* Task requirements:
Taking the line that contains "Спелые черешни на дереве" as the start and the last line of the data as the end, repeat exactly every line in that span, but no pictures.

* Recorded data:
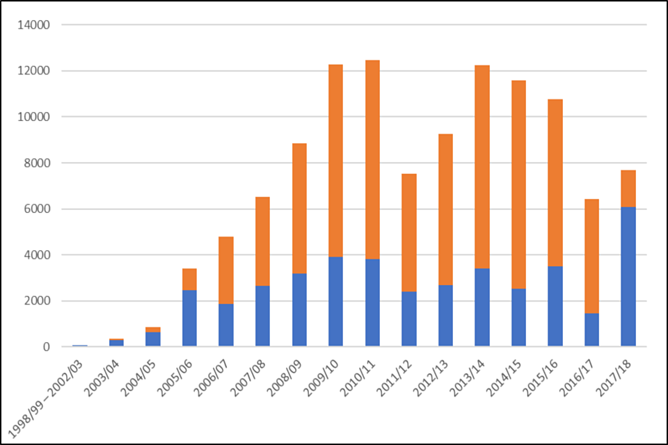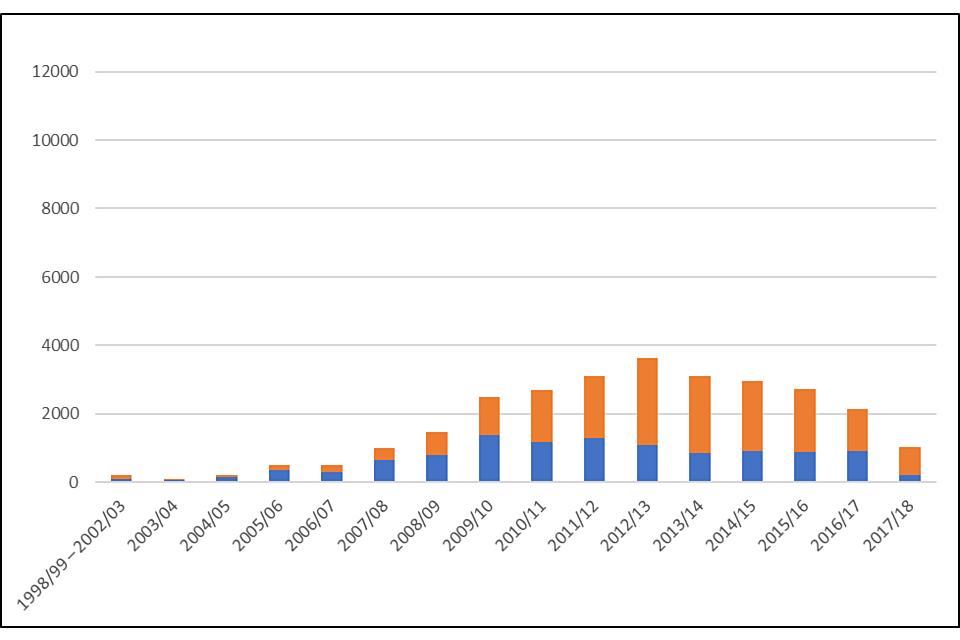 Tables 1 and 2 below show the underlying data for these charts, up to and including 2017 to 2018.
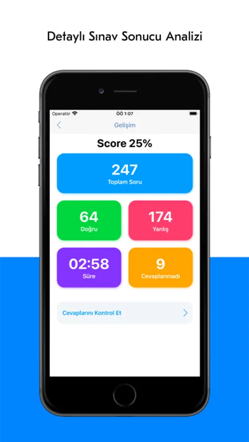 At the end of the exam, you can see your mistakes with detailed analysis screens.
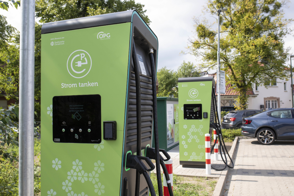 (AA)Am Einkaufszentrum Blankenburg direkt an der A30-Ausfahrt Osnabrück-Hellern hat die Osnabrücker Parkstätten-Betriebsgesellschaft (OPG) zwei weitere Schnellladesäulen in Betrieb genommen. Damit stehen an der Blankenburg nun vier Ladepunkte für E-Autos mit einer Mindestleistung von jeweils 150 Kilowatt zur Verfügung, heißt es in einer Mitteilung der Stadtwerke Osnabrück. Tankt nur ein Fahrzeug an einer Säule, werden auch 300 KW pro Ladevorgang bereitgestellt. Insgesamt erhöhe sich die Zahl der Schnellladestationen in Osnabrück damit auf mehr als 50.
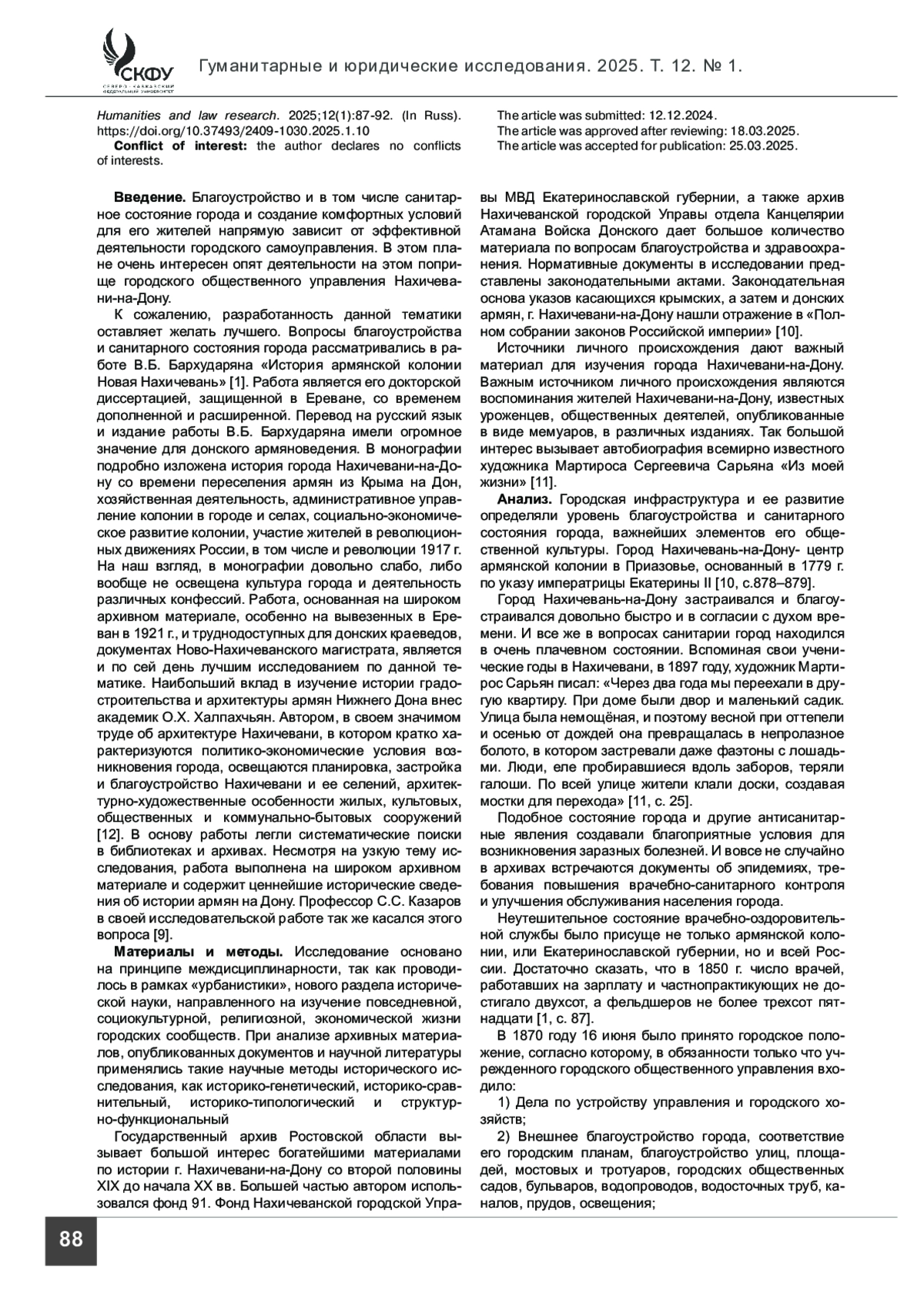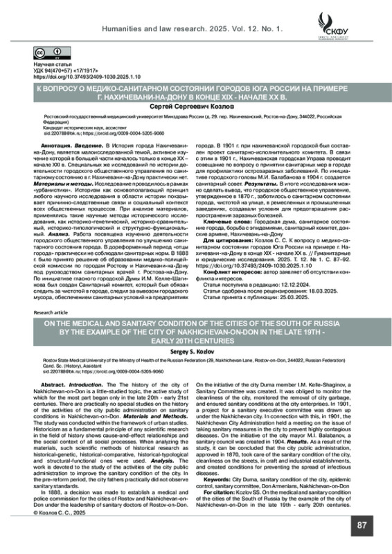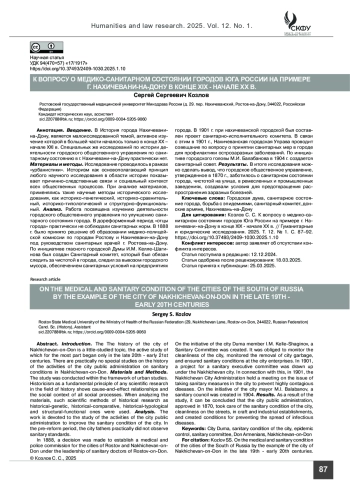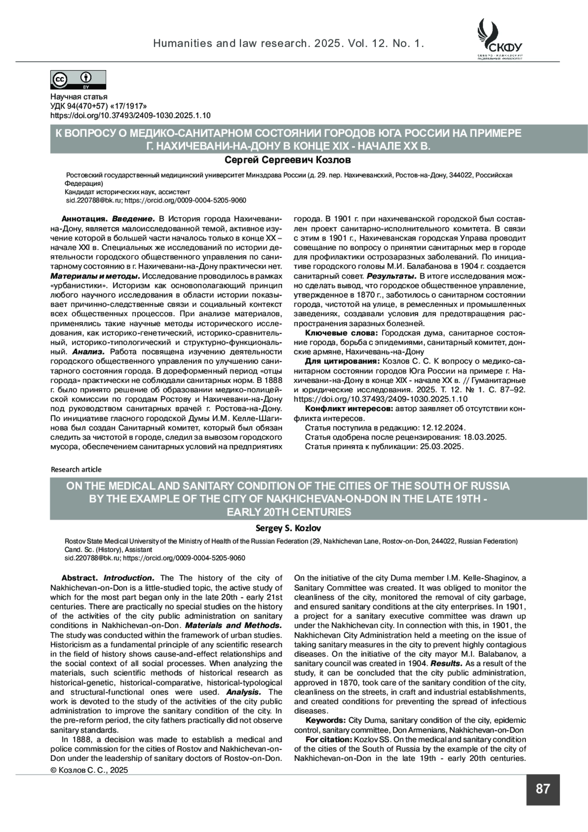 КОЗЛОВ С. С. К ВОПРОСУ О МЕДИКО-САНИТАРНОМ СОСТОЯНИИ ГОРОДОВ ЮГА РОССИИ НА ПРИМЕРЕ Г. НАХИЧЕВАНИ-НА-ДОНУ В КОНЦЕ XIX – НАЧАЛЕ ХХ ВВ. // ГУМАНИТАРНЫЕ И ЮРИДИЧЕСКИЕ ИССЛЕДОВАНИЯ. 2025. ТОМ 12, № 1
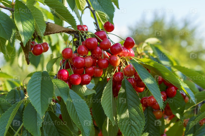 Спелые черешни на дереве
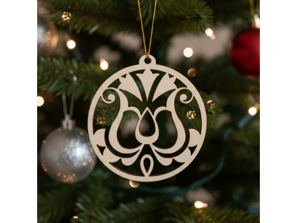 Dřevěná vánoční ozdoba z topolové překližky s jedinečným podlužáckým ornamentem vypalovaná laserem

* Task answer:
 Спелые черешни на дереве
 Dřevěná vánoční ozdoba z topolové překližky s jedinečným podlužáckým ornamentem vypalovaná laserem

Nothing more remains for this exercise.